## Problem to solve
An exact copy of every record below is needed, with the pictures left out.

(Dataset entries)
═══

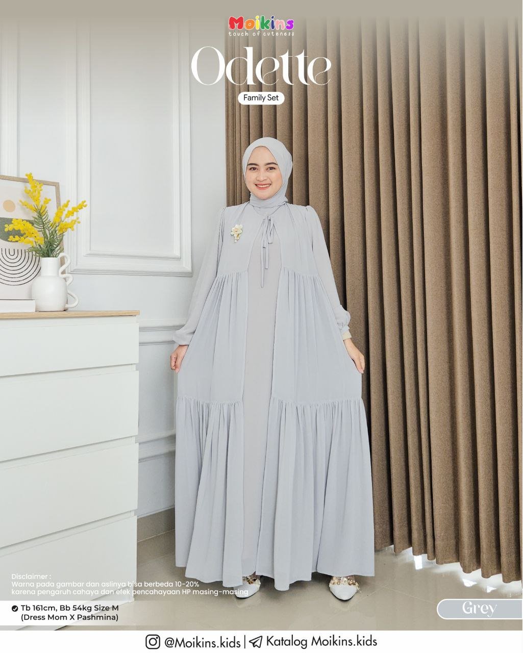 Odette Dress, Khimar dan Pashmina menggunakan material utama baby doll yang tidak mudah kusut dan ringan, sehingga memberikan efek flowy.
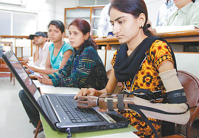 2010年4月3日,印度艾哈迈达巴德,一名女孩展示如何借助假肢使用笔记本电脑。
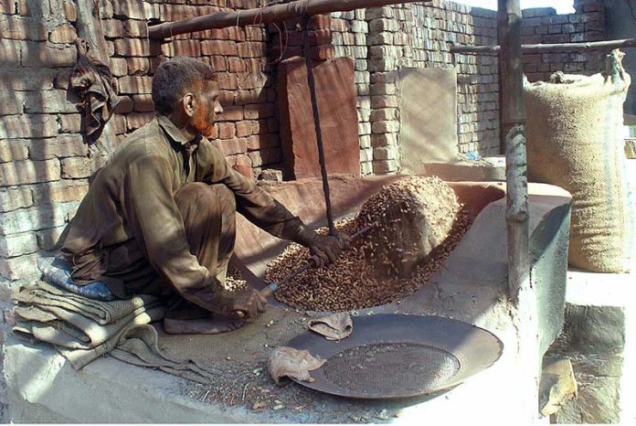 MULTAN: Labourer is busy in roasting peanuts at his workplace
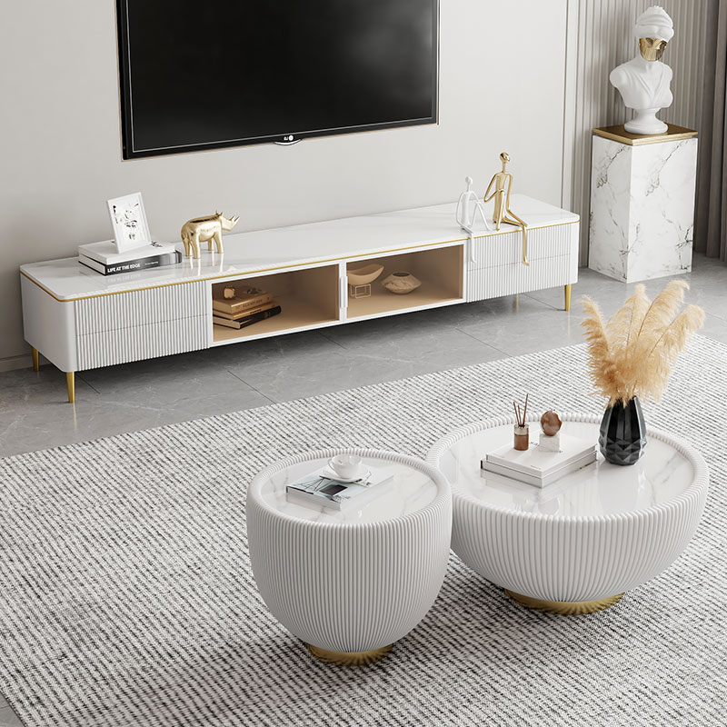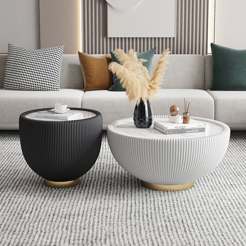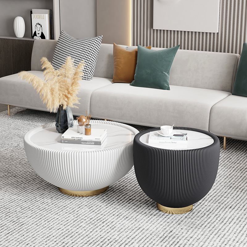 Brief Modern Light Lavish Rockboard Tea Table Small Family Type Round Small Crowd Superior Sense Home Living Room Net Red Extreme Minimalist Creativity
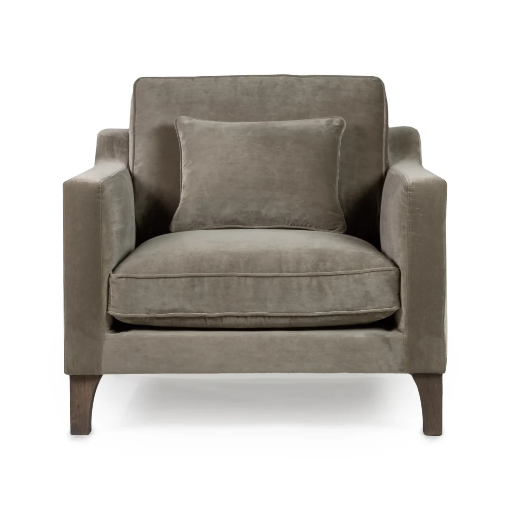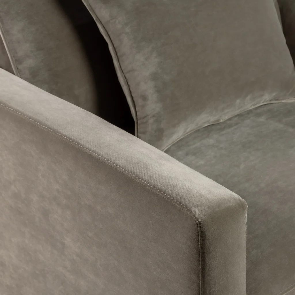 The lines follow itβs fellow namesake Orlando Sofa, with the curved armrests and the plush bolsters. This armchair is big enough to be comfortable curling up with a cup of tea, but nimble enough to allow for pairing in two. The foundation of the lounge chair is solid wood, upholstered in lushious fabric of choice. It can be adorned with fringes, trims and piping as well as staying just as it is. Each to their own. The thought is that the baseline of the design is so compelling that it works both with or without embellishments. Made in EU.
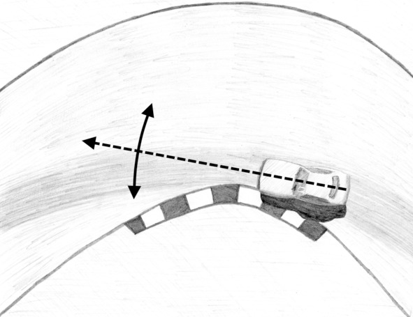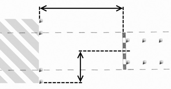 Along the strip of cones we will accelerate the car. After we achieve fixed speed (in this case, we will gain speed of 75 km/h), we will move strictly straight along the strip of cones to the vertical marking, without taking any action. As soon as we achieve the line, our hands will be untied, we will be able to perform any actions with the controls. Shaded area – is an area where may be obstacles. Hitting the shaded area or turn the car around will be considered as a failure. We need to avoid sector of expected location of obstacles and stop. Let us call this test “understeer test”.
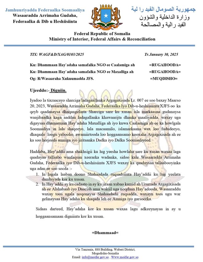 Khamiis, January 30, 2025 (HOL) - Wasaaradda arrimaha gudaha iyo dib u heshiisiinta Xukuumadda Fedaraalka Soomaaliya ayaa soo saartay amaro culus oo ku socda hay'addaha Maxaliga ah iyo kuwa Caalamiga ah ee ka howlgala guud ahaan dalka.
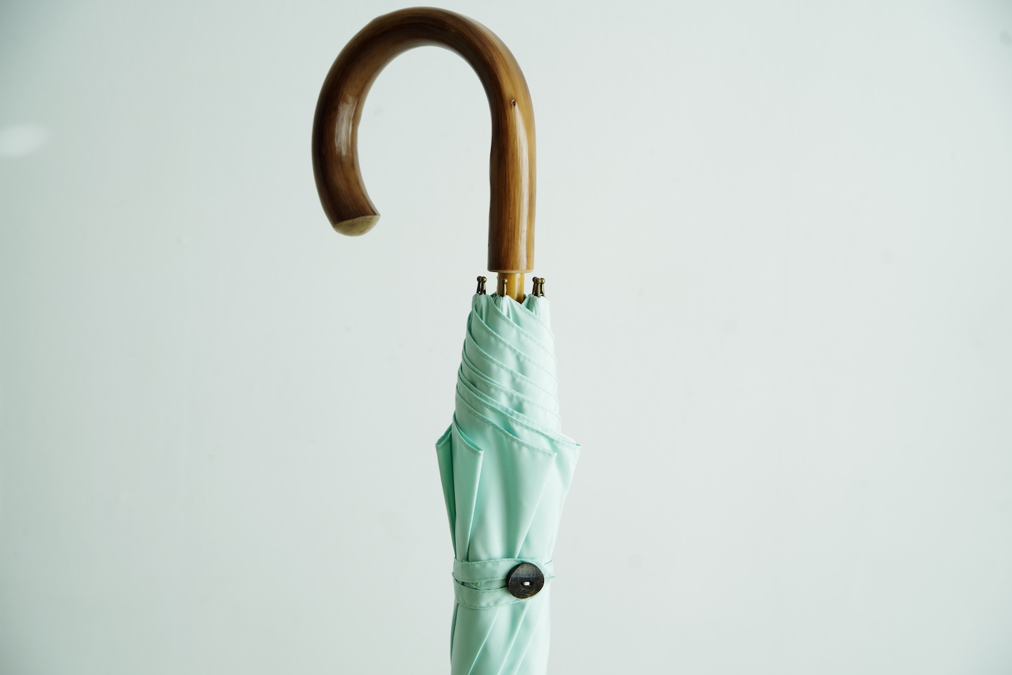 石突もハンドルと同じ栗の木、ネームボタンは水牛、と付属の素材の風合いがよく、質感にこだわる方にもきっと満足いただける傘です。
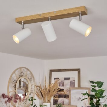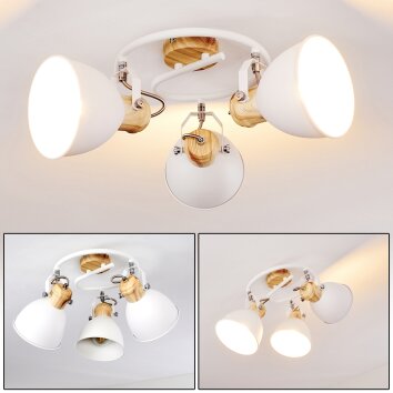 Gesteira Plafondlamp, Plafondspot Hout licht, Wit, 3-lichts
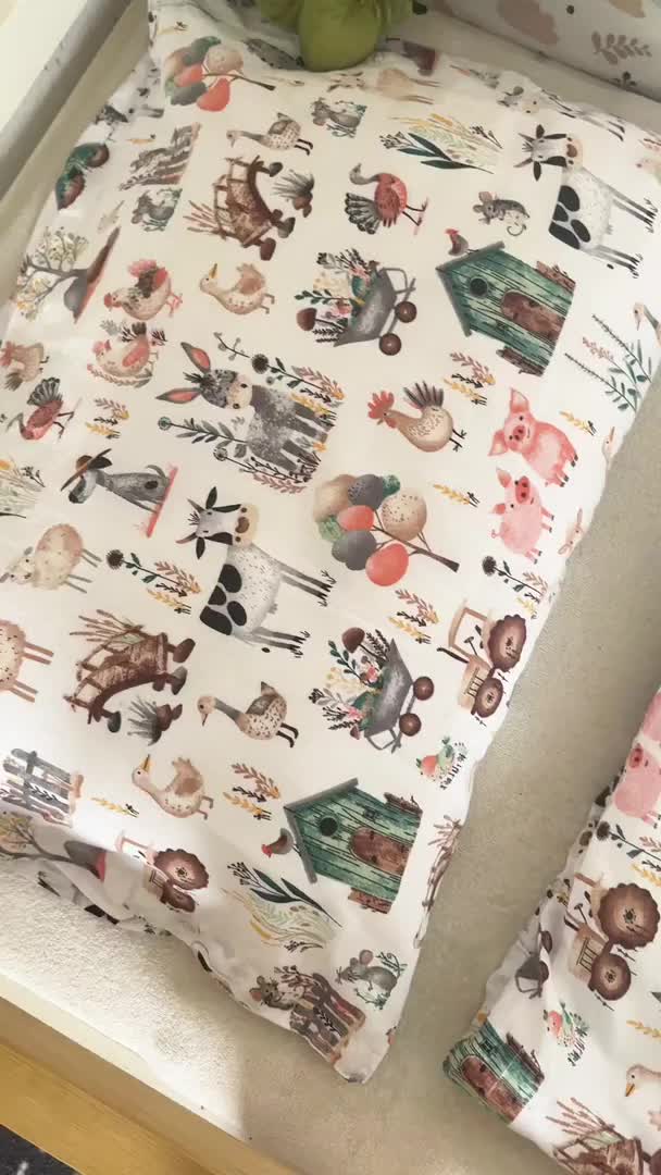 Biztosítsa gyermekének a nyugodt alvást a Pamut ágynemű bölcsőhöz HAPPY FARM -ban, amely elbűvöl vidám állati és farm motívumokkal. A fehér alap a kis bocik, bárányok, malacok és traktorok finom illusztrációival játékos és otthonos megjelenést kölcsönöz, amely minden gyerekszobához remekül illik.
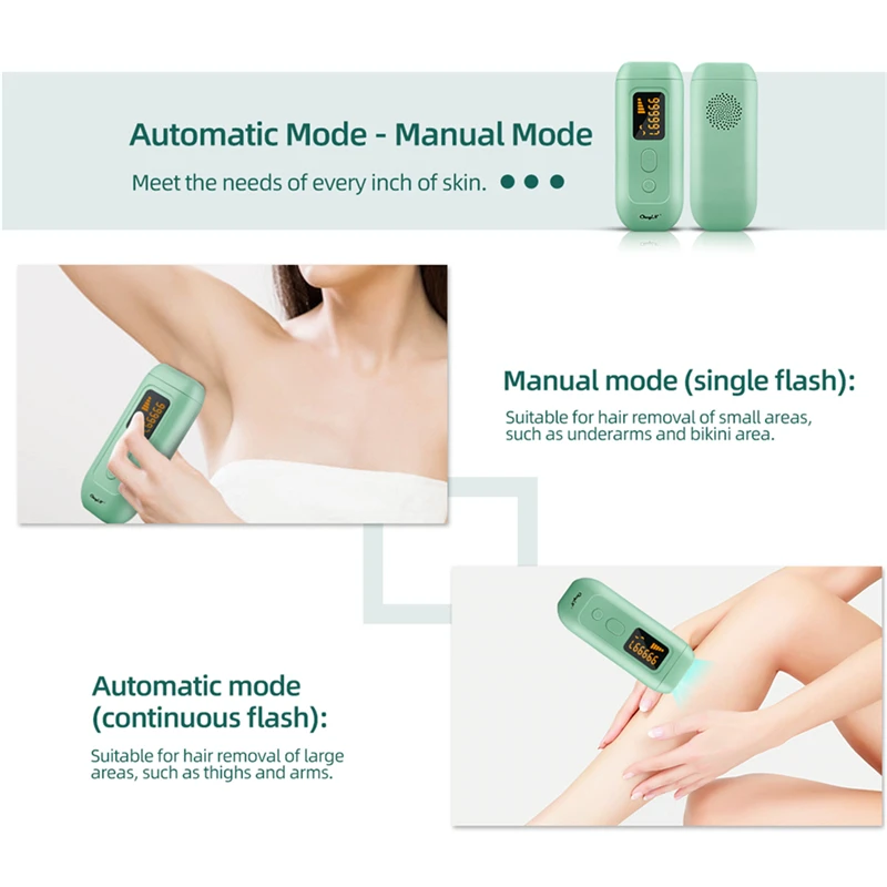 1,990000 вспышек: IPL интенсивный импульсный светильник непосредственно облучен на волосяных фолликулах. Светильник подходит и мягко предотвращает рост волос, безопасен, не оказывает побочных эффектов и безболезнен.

═══

## Answer space
 Odette Dress, Khimar dan Pashmina menggunakan material utama baby doll yang tidak mudah kusut dan ringan, sehingga memberikan efek flowy.
 2010年4月3日,印度艾哈迈达巴德,一名女孩展示如何借助假肢使用笔记本电脑。
 MULTAN: Labourer is busy in roasting peanuts at his workplace
 Brief Modern Light Lavish Rockboard Tea Table Small Family Type Round Small Crowd Superior Sense Home Living Room Net Red Extreme Minimalist Creativity
 The lines follow itβs fellow namesake Orlando Sofa, with the curved armrests and the plush bolsters. This armchair is big enough to be comfortable curling up with a cup of tea, but nimble enough to allow for pairing in two. The foundation of the lounge chair is solid wood, upholstered in lushious fabric of choice. It can be adorned with fringes, trims and piping as well as staying just as it is. Each to their own. The thought is that the baseline of the design is so compelling that it works both with or without embellishments. Made in EU.
 Along the strip of cones we will accelerate the car. After we achieve fixed speed (in this case, we will gain speed of 75 km/h), we will move strictly straight along the strip of cones to the vertical marking, without taking any action. As soon as we achieve the line, our hands will be untied, we will be able to perform any actions with the controls. Shaded area – is an area where may be obstacles. Hitting the shaded area or turn the car around will be considered as a failure. We need to avoid sector of expected location of obstacles and stop. Let us call this test “understeer test”.
 Khamiis, January 30, 2025 (HOL) - Wasaaradda arrimaha gudaha iyo dib u heshiisiinta Xukuumadda Fedaraalka Soomaaliya ayaa soo saartay amaro culus oo ku socda hay'addaha Maxaliga ah iyo kuwa Caalamiga ah ee ka howlgala guud ahaan dalka.
 石突もハンドルと同じ栗の木、ネームボタンは水牛、と付属の素材の風合いがよく、質感にこだわる方にもきっと満足いただける傘です。
 Gesteira Plafondlamp, Plafondspot Hout licht, Wit, 3-lichts
 Biztosítsa gyermekének a nyugodt alvást a Pamut ágynemű bölcsőhöz HAPPY FARM -ban, amely elbűvöl vidám állati és farm motívumokkal. A fehér alap a kis bocik, bárányok, malacok és traktorok finom illusztrációival játékos és otthonos megjelenést kölcsönöz, amely minden gyerekszobához remekül illik.
 1,990000 вспышек: IPL интенсивный импульсный светильник непосредственно облучен на волосяных фолликулах. Светильник подходит и мягко предотвращает рост волос, безопасен, не оказывает побочных эффектов и безболезнен.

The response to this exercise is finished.